Llevó a su novia a la casa más pobre del pueblo para ponerla a prueba, pero cuando ella le entregó un papel, él rompió en llanto al descubrir su verdadero rostro.

Valeria se quedó en absoluto silencio. Miró la casa, miró a la anciana y su rostro se tornó indescifrable. Lentamente, metió la mano en su bolso, sacó 1 papel doblado y se acercó a Mateo. Sin pronunciar palabra, se lo entregó. El corazón del arquitecto se detuvo, convencido de que era la cancelación de la boda o una lista de exigencias. Era imposible creer lo que estaba a punto de suceder…

PARTE 2

Mateo tomó el papel con las manos temblorosas. Sus amigos tenían razón, pensó en ese microsegundo de pánico.
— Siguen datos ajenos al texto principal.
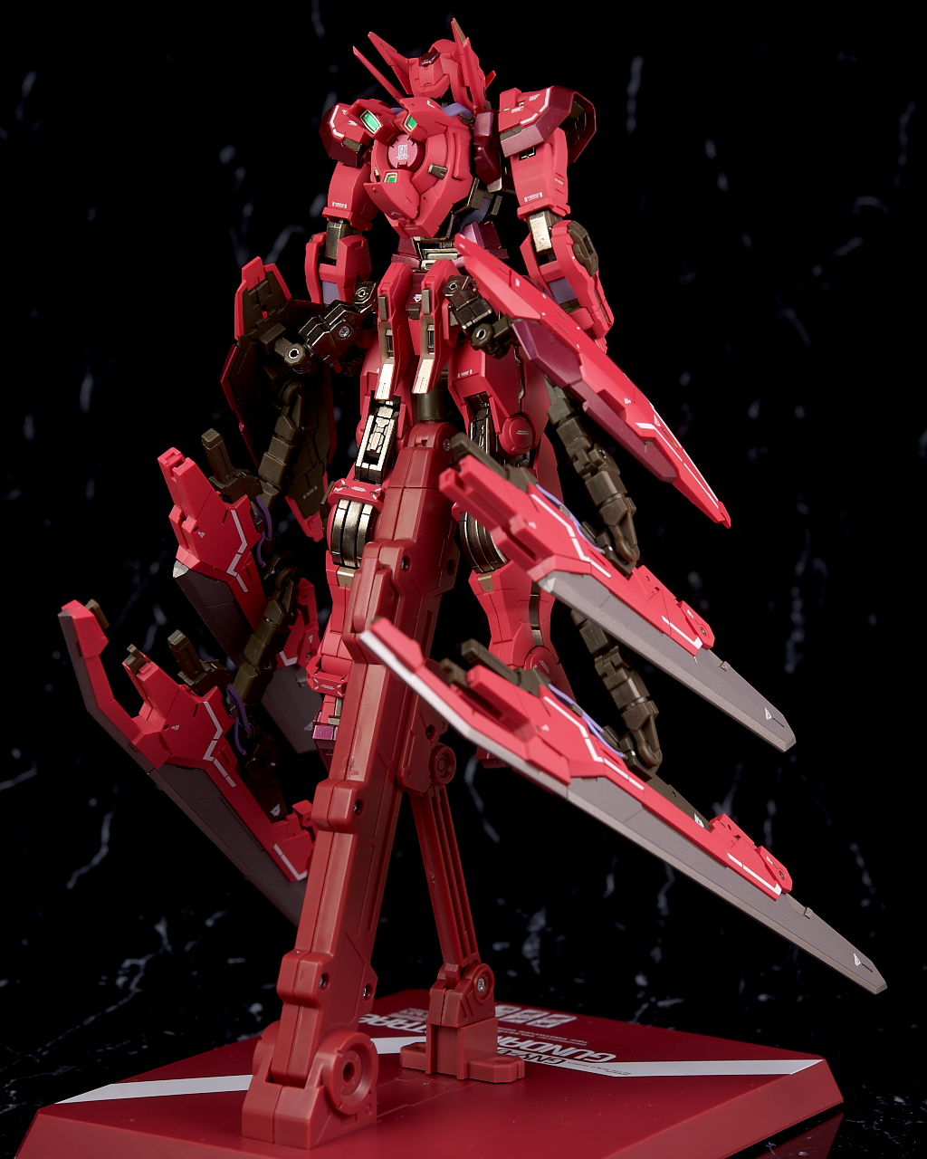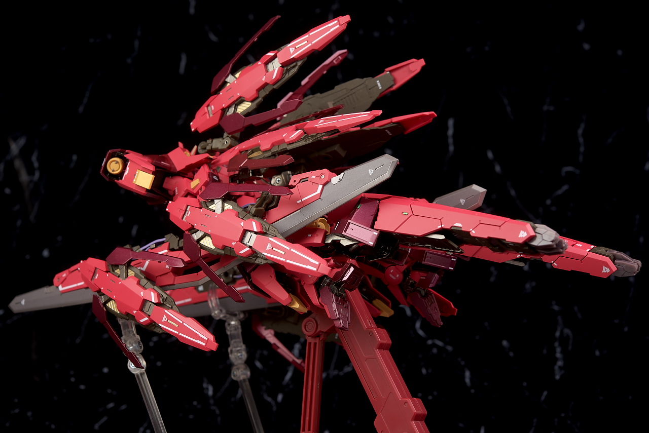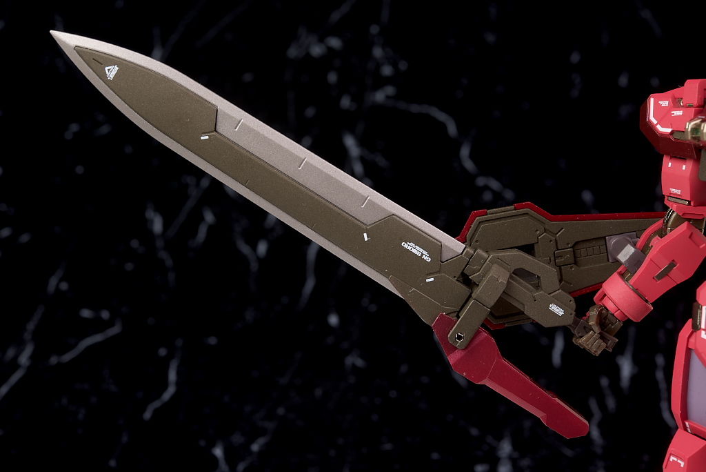 肩装甲を展開し、両手にブロードブレイドを持たせ前傾姿勢にして固定すれば完成。なおこちらでは補助支柱が必要でした。

Ella no iba a soportar la pobreza, la prueba había revelado su verdadero interés. Sin embargo, al desdoblar la hoja, sus ojos se encontraron con una lista escrita a mano, adornada con la caligrafía impecable y redonda de Valeria.

El encabezado dictaba: “Plan de cuidados y remodelación para la casita de Doña Rosa después de nuestra boda”.

Mateo sintió que el aire abandonaba sus pulmones. Sus ojos recorrieron apresuradamente los puntos enumerados:

Contratar albañiles para reforzar el techo de adobe antes de los próximos 3 meses de lluvia.

Instalar 1 piso de cemento firme para que mamá Rosa no respire polvo y sus articulaciones no sufran por la humedad.

Comprar 1 cama ortopédica con un buen colchón para su dolor de espalda.

Construir 1 baño interior con agarraderas para evitar que sufra 1 caída.

Destinar 5,000 pesos de nuestro presupuesto mensual exclusivamente para sus medicinas, vitaminas y despensa completa.

Viajar a Oaxaca al menos 1 vez al mes para acompañarla, no dejarla sola nunca más.

El papel pesaba más que todo el oro del mundo. Mateo levantó la mirada, atónito. Valeria ya no estaba a su lado; había caminado hacia Doña Rosa. Sin importarle el polvo del suelo, la joven enfermera se arrodilló frente a la anciana, tomó sus manos ásperas y agrietadas por el trabajo duro, y las besó con una ternura que destrozó las barreras del alma de Mateo.

—Mamá Rosa, por fin tengo el honor de conocerla —dijo Valeria, con la voz quebrada por una emoción genuina—. Mateo me ha contado tantas cosas de usted. Veo en sus manos todo el sacrificio que hizo para que él sea el gran hombre que es hoy. No sabe cuánto la admiro.

Doña Rosa, que había sido instruida para fingir amargura, rompió a llorar de verdad. Las lágrimas resbalaban por las profundas arrugas de su rostro.

Mateo sintió que el rostro le ardía. La vergüenza lo golpeó con la fuerza de un tren de carga. Él, que se creía tan inteligente, tan protector de su fortuna, había quedado expuesto como un cobarde. Había utilizado la precariedad de la mujer que le dio la vida como un sucio truco, como una trampa barata, ensuciando la pureza del amor de Valeria.

Caminó hacia ellas, apretando el papel contra su pecho.

—Valeria… —susurró Mateo, con la voz ahogada en remordimiento.

Ella se giró para mirarlo. En sus ojos no había odio, pero había una inmensa tristeza, una decepción tan profunda que a Mateo le dolió físicamente.

—Todo esto… —comenzó él, cayendo de rodillas en la tierra suelta del patio, frente a las 2 mujeres de su vida—. Todo esto fue una mentira. Te traje aquí para ponerte a prueba. Le pedí a mi madre que se vistiera con harapos, que fingiera estar peor de lo que está. Quería ver si me ibas a rechazar, si te daría asco mi origen… Quería saber si solo estabas conmigo por mi dinero en Monterrey.

El silencio que siguió a sus palabras fue ensordecedor. Solo se escuchaba el viento moviendo las hojas secas del patio y el lejano canto de un gallo.

Valeria soltó suavemente las manos de Doña Rosa y se puso de pie. Su postura era firme, su mirada, de repente, tan fría como el hielo.

—¿Por eso inventaste que el coche estaba en el taller? —preguntó ella—. ¿Por eso me hiciste viajar 14 horas en las peores condiciones posibles? ¿Para ver si yo era la villana que tus amigos ricos te hicieron creer que era?

Mateo asintió, incapaz de mirarla a los ojos. Las lágrimas de vergüenza nublaban su vista.

—Sí. Fui un idiota. Un miserable.

Doña Rosa se levantó lentamente de su silla. Apoyándose en su bastón, miró a su hijo con una severidad que Mateo no veía desde que era un niño.